----- EXTRACTED ENTRIES

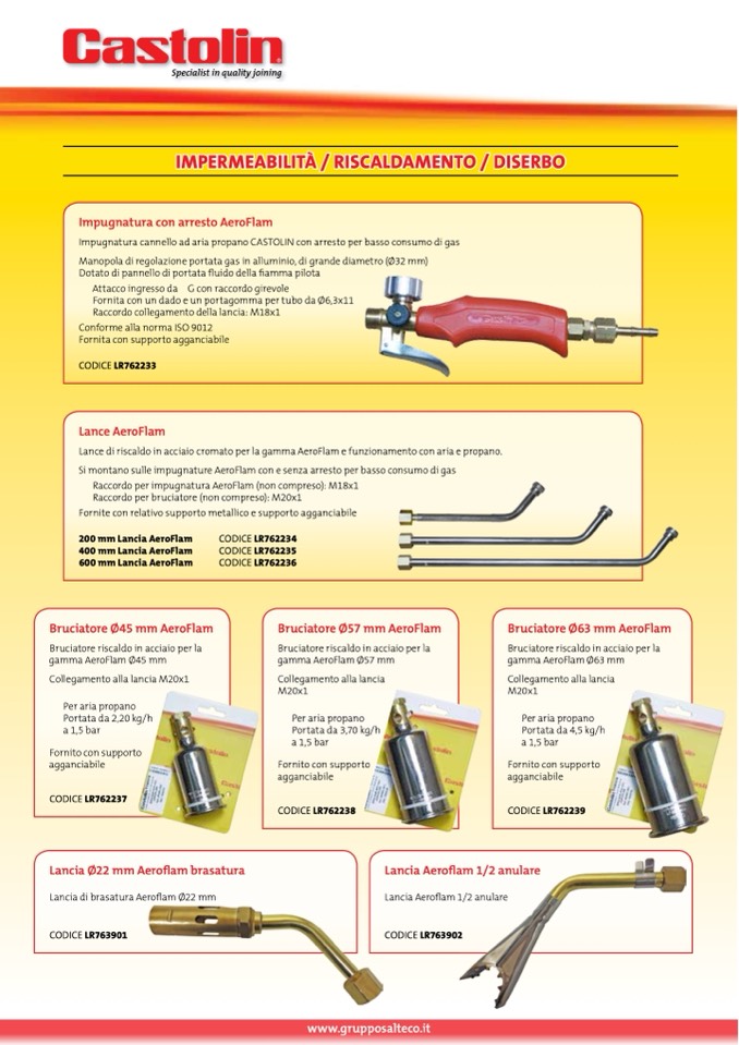 Impugnatura cannello ad aria propano CASTOLIN con arresto per basso consumo di gas
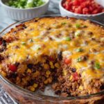 - Assemble the Casserole: Spread a layer of crushed tortilla chips evenly on the bottom of the prepared casserole dish. Add half of the beef and bean mixture on top, followed by half of the shredded cheddar cheese. Repeat with another layer of crushed chips, the remaining beef and bean mixture, and finish with the remaining cheddar cheese on top.
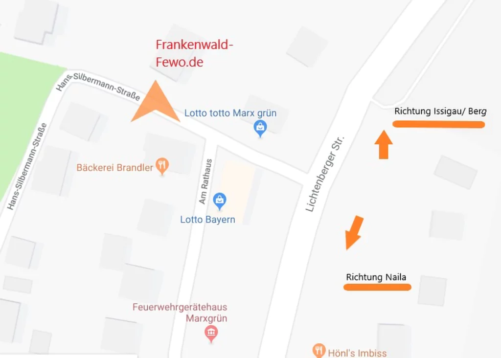 Von hier aus sind es ca 7 Gehminuten in Richtung Bad Steben/ Ortseingang Marxgrün. Nach dem Autohaus Räthel gehen Sie rechts Richtung Lichtenberg am Feuerwehrhaus vorbei (Gegenüber Imbiss) und biegen links in die Hans-Silbermann-Straße ab. Das grau-grüne Haus mit großem Balkon befindet sich direkt vor Ihnen.
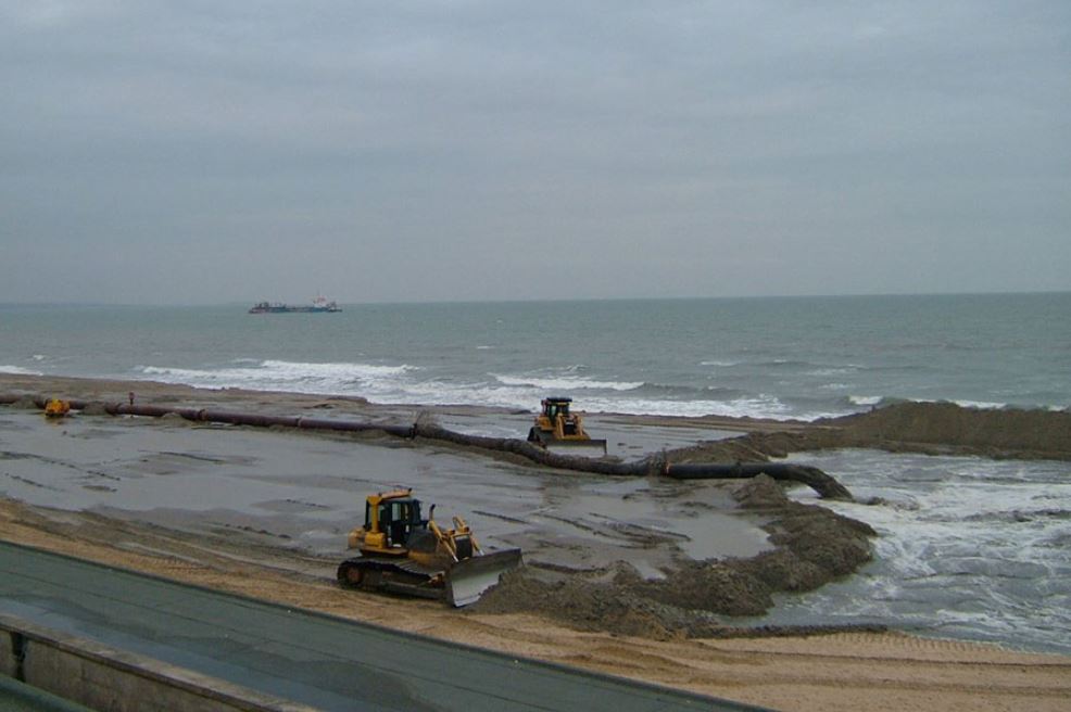 This £7.5 million project, which is being carried out by Boskalis Westminster Ltd, will see around 350,000m³ of sand being pumped ashore (using a pipeline) and distributed by bulldozers.
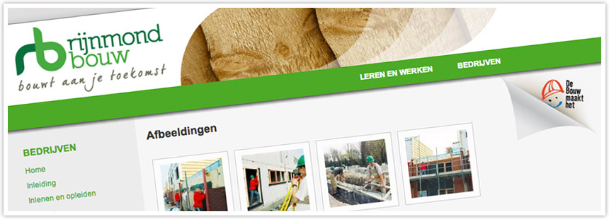 Dankzij het eigentijdse en professionele herontwerp van Nathalie voor de huisstijl van Rijnmond Bouw worden de communicatie doelstellingen nu goed ondersteund. Door het gebruik van fris groen binnen de huisstijl en de toevoeging van een verhelderende punchline onder het logo wordt het nieuwe Rijnmond Bouw nu goed vertegenwoordigd. Samen met Nathalie hebben we gewerkt aan een nieuwe frisse uitstraling. En dat mocht ook wel na ruim 30 jaar teren op "het oude vertrouwde". Rijnmond-Bouw (bouwopleidingen en detachering) is een bedrijf voor jonge aankomende vakmensen in de bouw en dat mag je anno 2014 best uitstralen. Nathalie heeft dat uitstekend aangevoeld en ons een mooi nieuw gezicht gegeven." Wolf van Pelt, directeur Rijnmond Bouw |
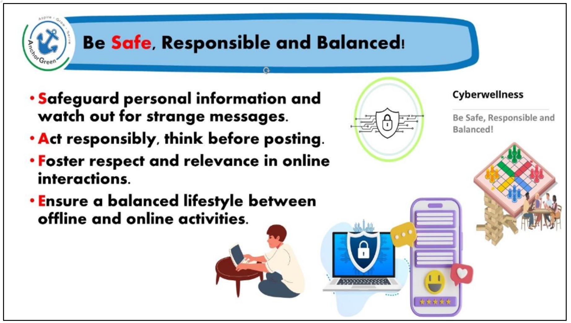Anchor Green Cyber Wellness programme aims to promote the positive well-being of our anchorlites as internet users, inculcates positive peer influence by harnessing technology for collaboration, learning and productivity.
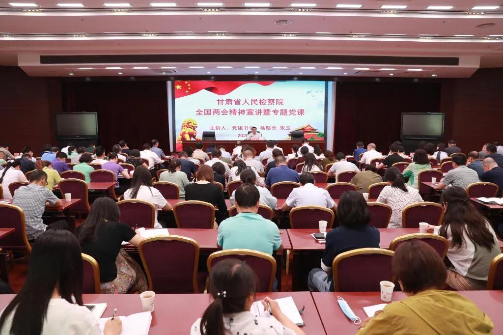 党组书记、检察长朱玉结合学习贯彻习近平总书记在全国两会期间系列重要讲话精神、全国两会精神及全国检察机关学习贯彻全国两会精神电视电话会议精神,以《盯紧看牢,狠抓落实,以两会精神推动全省检察工作创新创优发展》为题,为全院党员干部讲授了一堂生动的专题党课。朱玉逐一对习近平总书记两会期间的重要讲话精神、政府工作报告、全国人大常委会及“两高”工作报告、《民法典》、“涉港问题决定”、全国政协会精神进行宣讲解读,谈了自己的认识和体会。
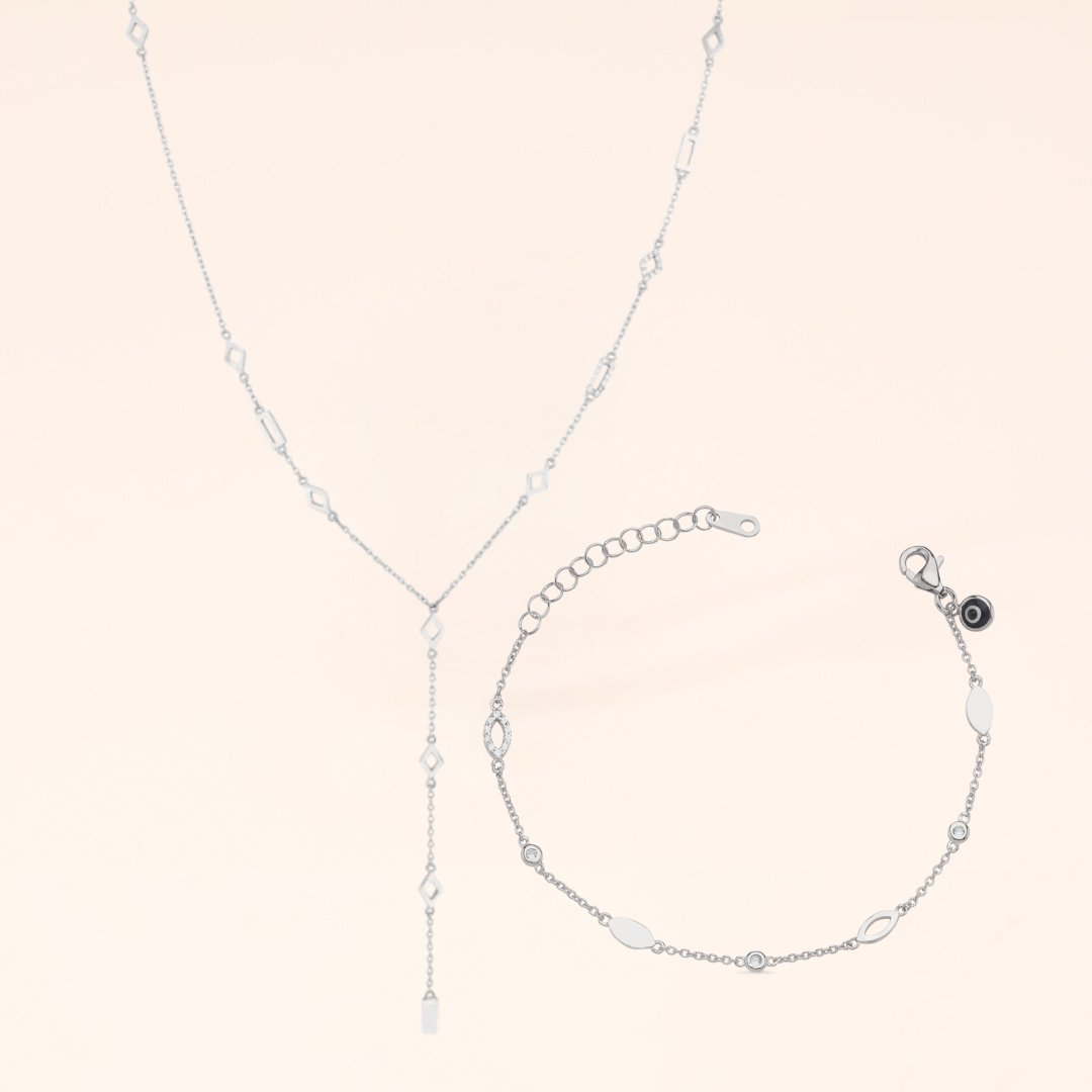 Featuring a blend of flawlessly polished smooth and pave stone embellished geometric shapes, this set is one of the cornerstone pieces of the collection. Sleek, clean lines and finely crafted details come together to create a look that is truly captivating.

----------

* [DESCRIPTION OF THE TASK] Starting at the line with "Anchor Green Cyber", output each line through the final one of the listing above, and nothing else. Pictures are to be left out.

* [SOLUTION TO THE PROBLEM]
Anchor Green Cyber Wellness programme aims to promote the positive well-being of our anchorlites as internet users, inculcates positive peer influence by harnessing technology for collaboration, learning and productivity.
 党组书记、检察长朱玉结合学习贯彻习近平总书记在全国两会期间系列重要讲话精神、全国两会精神及全国检察机关学习贯彻全国两会精神电视电话会议精神,以《盯紧看牢,狠抓落实,以两会精神推动全省检察工作创新创优发展》为题,为全院党员干部讲授了一堂生动的专题党课。朱玉逐一对习近平总书记两会期间的重要讲话精神、政府工作报告、全国人大常委会及“两高”工作报告、《民法典》、“涉港问题决定”、全国政协会精神进行宣讲解读,谈了自己的认识和体会。
 Featuring a blend of flawlessly polished smooth and pave stone embellished geometric shapes, this set is one of the cornerstone pieces of the collection. Sleek, clean lines and finely crafted details come together to create a look that is truly captivating.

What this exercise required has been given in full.